The second step of the analysis—which asks whether a worker was an employee or independent contractor for purposes of the FLSA—depends in large part upon the answer to the first step. Namely, if we determine that the defendant and another entity codetermined the key terms and conditions of the worker’s employment, then we must consider whether the two entities’ combined influence over the terms and conditions of the worker’s employment render the worker an employee as opposed to an independent contractor.

3. Adopt the Six-Factor Joint Employment Test

Next, the panel clarified the proper six-factor test to evaluate the existence of joint employment. This analysis stemmed from the panel’s recent ruling in Salinas v. Commercial Interiors, Inc., No. 15-1915, slip op. at 17–18 (argued Oct. 27, 2016).

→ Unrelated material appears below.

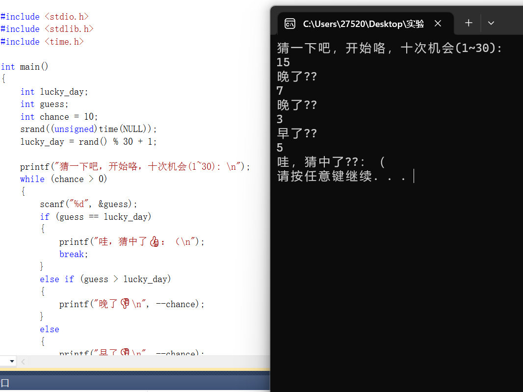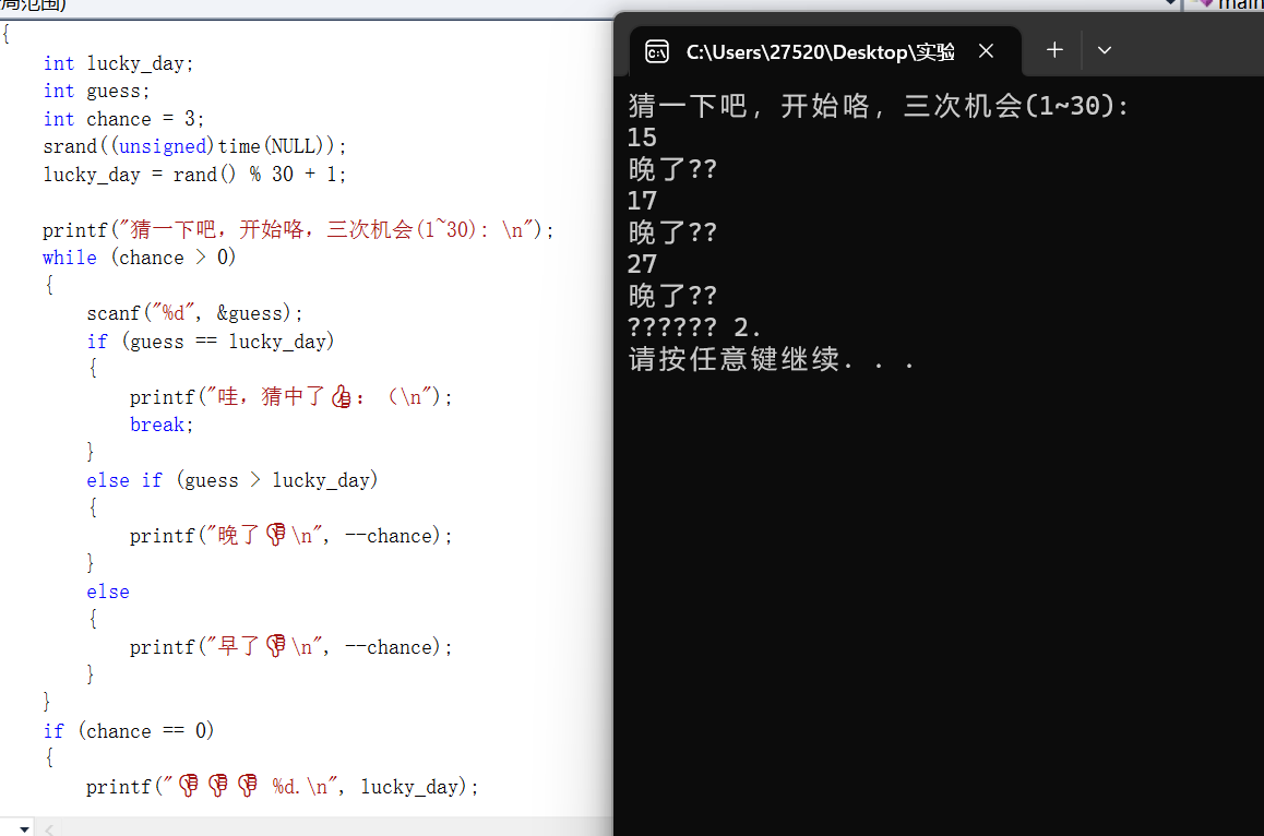 #include <stdio.h> #include <stdlib.h> #include <time.h> int main() { int lucky_day; int guess; int chance = 3; srand((unsigned)time(NULL)); lucky_day = rand() % 30 + 1; printf("猜一下吧,开始咯,三次机会(1~30): \n"); while (chance > 0) { scanf("%d", &guess); if (guess == lucky_day) { printf("哇,猜中了👍:(\n"); break; } else if (guess > lucky_day) { printf("晚了👎\n", --chance); } else { printf("早了👎\n", --chance); } } if (chance == 0) { printf("👎👎👎 %d.\n", lucky_day); } system("pause"); return 0; }

To assist lower courts in determining whether the relationship between two entities gives rise to joint employment, we identified the following six, nonexhaustive factors to consider:

(1) Whether, formally or as a matter of practice, the putative joint employers jointly determine, share, or allocate the ability to direct, control, or supervise the worker, whether by direct or indirect means;

(2) Whether, formally or as a matter of practice, the putative joint employers jointly determine, share, or allocate the power to—directly or indirectly—hire or fire the worker or modify the terms or conditions of the worker’s employment;

(3) The degree of permanency and duration of the relationship between the putative joint employers;

(4) Whether through shared management or a direct or indirect ownership interest, one putative joint employer controls, is controlled by, or is under common control with the other putative joint employer;

(5) Whether the work is performed on a premises owned or controlled by one or more of the putative joint employers, independently or in connection with one another; and

(6) Whether, formally or as a matter of practice, the putative joint employers jointly determine, share, or allocate responsibility over functions ordinarily carried out by an employer, such as handling payroll; providing workers’ compensation insurance; paying payroll taxes; or providing the facilities, equipment, tools, or materials necessary to complete the work.

4. Do Not Follow Bonnette in the 4th Circuit

The Hall Court joined other circuits in denouncing Bonnette’s four-part test because it relied too heavily on agency principles and thus was unduly focused on the economic dependence that the employee had on its employers. Instead, the panel clarified, the focus should center on the intent of FLSA: ensuring the protection of workers with unorthodox employment arrangements. Thus, in the joint employer analysis, the relationship between employers becomes the main issue.

5. Use the Lenient Test for Pleading FLSA Claims

Lastly, the Hall Court adopted a liberal approach to pleading FSLA claims. According to the panel, a plaintiff only needs to sufficiently allege that he or she worked 40 hours of work in a given week as well as some “uncompensated time in excess of the 40 hours.”  Further, the standard only requires allegations cover at least one week. This lenient standard acknowledges that the defendants usually have most, if not all, of the evidence needed to ascertain exact hours worked. Thus, facts that nudge claims “from conceivable to plausible” support the broad protections of FLSA.

Conclusion

The Hall Court covered a lot of ground and crystalized the joint employer analysis for FLSA claims. This should lessen confusion, on both sides of the bar, in advising clients and confronting possible FLSA violations in the face of quirky employer relationships.